Required action
The answer is the exact text of every line from the one that contains "いっぱい外で遊んだ後は遊戯室" to the final line of the entries below, with pictures left out.

»»

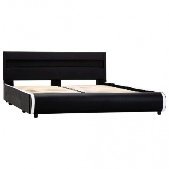 Estructura de cama con LED cuero sintético negro 160x200 cm
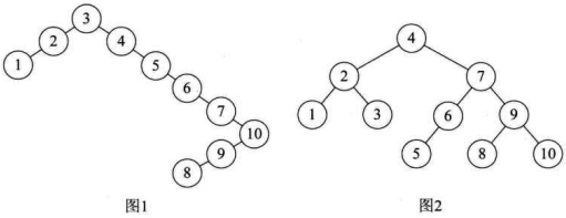为了能在讲解算法时轻松一些, 我们先讲一个平衡二叉树构建过程的例子。假设我们现在有一个数组a[10]={3,2,1,4,5,6,7,10,9,8}需要构建二叉排序树。在没有学习平衡二叉树之前,根据二叉排序树的特性,我们通常会将它构建成如下图的图 1 所示的样子。虽然它完全符合二叉排序树的定义,但是对这样高度达到 8 的二叉树来说,查找是非常不利的。我们更期望能构建成如下图的图2的样子,高度为 4 的二叉排序树才可以提供高效的查找效率。那么现在我们就来研究如何将一个数组构建出图 2 的树结构。
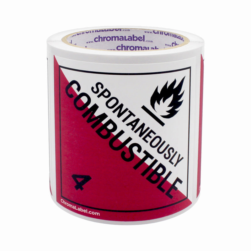 4" x 4" Permanent Durable Square D.O.T. Hazard Labels, Hazard Class 4 Spontaneously Combustible Label, 100/Roll
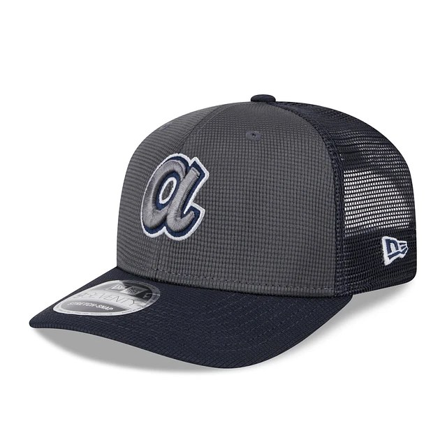 Men's New Era /Navy Atlanta Braves 2025 Batting Practice 9SEVENTY Stretch-Snap Trucker Hat
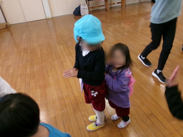 いっぱい外で遊んだ後は遊戯室で歌を披露しあいました。見てもらう嬉しさを感じ、堂々と歌っていました。ご飯も一緒に食べて、あっという間に時間がたっていました。お別れするのは寂しいけれどいっぱい遊んで楽しい気持ちがいっぱいの子どもたちでした。
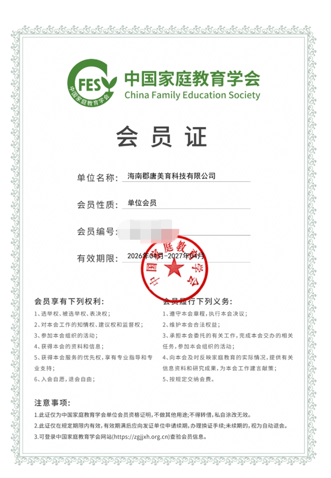 近日,海南郡唐美育科技有限公司(旗下运营品牌“大咖素质训练营”)正式获批成为中国家庭教育学会会员单位。此次入选,体现了国家级学术组织对大咖素质训练营在家庭教育领域专业能力、实践成果与社会价值的综合认可,也为企业进一步参与家庭教育公共服务、助力行业规范发展提供了新的平台。
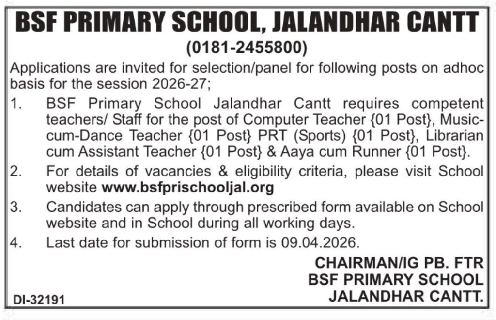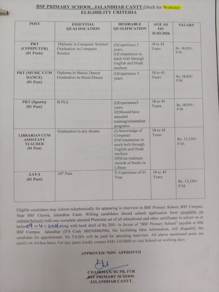 BSF Primary School Jalandhar Cantt Various Vacancy Staff on ADhoc Basis requirement 2026- 2027 |
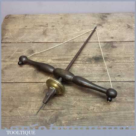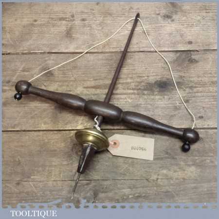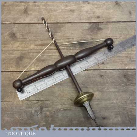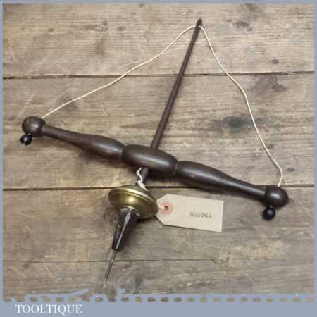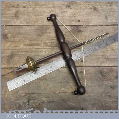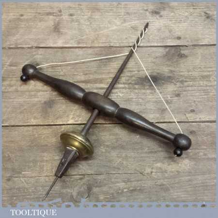 Rare early pump bow drill weighted with brass fly wheel. These drills were popular with jewellery makers as they could be used with one hand and are hard to find especially when they are early like this example.

««

Output below
 いっぱい外で遊んだ後は遊戯室で歌を披露しあいました。見てもらう嬉しさを感じ、堂々と歌っていました。ご飯も一緒に食べて、あっという間に時間がたっていました。お別れするのは寂しいけれどいっぱい遊んで楽しい気持ちがいっぱいの子どもたちでした。
 近日,海南郡唐美育科技有限公司(旗下运营品牌“大咖素质训练营”)正式获批成为中国家庭教育学会会员单位。此次入选,体现了国家级学术组织对大咖素质训练营在家庭教育领域专业能力、实践成果与社会价值的综合认可,也为企业进一步参与家庭教育公共服务、助力行业规范发展提供了新的平台。
 BSF Primary School Jalandhar Cantt Various Vacancy Staff on ADhoc Basis requirement 2026- 2027 |
 Rare early pump bow drill weighted with brass fly wheel. These drills were popular with jewellery makers as they could be used with one hand and are hard to find especially when they are early like this example.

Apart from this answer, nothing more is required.